# Having some DCC issues



## BodsRailRoad (Jul 26, 2008)

Hi All,
I have a problem with my Zimo MX690 in a USAT PA-1. I have a NCE PH10R system.
It appears I have lost motor control.
It only goes 1 speed in either direction once I go above one, and the only way to get it to stop is to hit all stop.
All the other functions work correctly, lights,sounds smoke.
I have tried to reset it (cv8=8) with no luck.

I am guessing the board is shot but hope it's not, any ideas or sugestions would be appreciated.

Thanks, Ron


----------



## Cougar Rock Rail (Jan 2, 2008)

Definitely doesn't sound good. Can you describe a little more of how it happened--ie. was it working fine under a heavy load then all of a sudden it started acting that way, or was it that way on a restart/reboot of the central station? Does the NCE give you a readout of current usage? 

Keith


----------



## BodsRailRoad (Jul 26, 2008)

The engine was working fine one day and not the next. It wasnt under any heay loads on long run.

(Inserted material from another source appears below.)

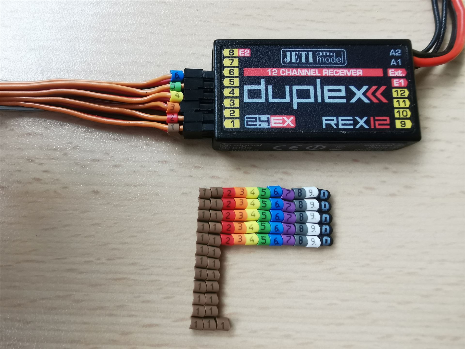 Ordnung und Übersicht sind in den komplexen Funktionsmodellen extrem wichtig. Dazu gehört auch die Beschriftung der Servokabel am Empfänger. Egal aus welchem Grund Du die Servokabel aus dem Empfänger ziehst, es ist immer schön zu wissen welches Kabel in welchen Anschluss gehört. Wir haben schon viel gesehen, von mit Stiften "beschrifteten" Servokabel oder Stecker, über Klebebänder bis hin zu viel zu großen Beschriftungsringen. Wir haben nun für uns die perfekte Lösung gefunden und möchten diese mit dir teilen. Unsere Servokabelbeschriftung ist super kompakt und wird nur über eine der 3 Servokabel montiert. Dazu hebst du die Verriegelung des Pins an, ziehst den kleinen Steckkontakt heraus, steckst unsere Servokabel Beschriftung über das Kabel und steckst den Kontakt zurück in den Servostecker. Das Ergebnis ist ein dauerhaft sauber beschriftetes Servokabel dessen Beschriftung sich kaum verschiebt, fast keinen Platz benötigt. Wir sind davon überzeugt, lass auch Du Dich davon begeistern!

I installed body mounted Kadee's on the front and rear of the B unit. I made sure none of the wires had been cut or came loose.
I put it on the track to test out the couplers and that's when I noticed the problems.
Very Strange.

Ron


----------



## Cougar Rock Rail (Jan 2, 2008)

Interesting. So have you tried any other locomotives to see if there is something wrong with the NCE unit? 

When you installed the couplers did you have to take the top off or flip it upside down? Maybe the decoder is loose and something came off or is shorting against something...probably worth pulling it apart and double checking all the connections to the decoder. It's probably something simple if it worked one minute and not the next. 

Keith


----------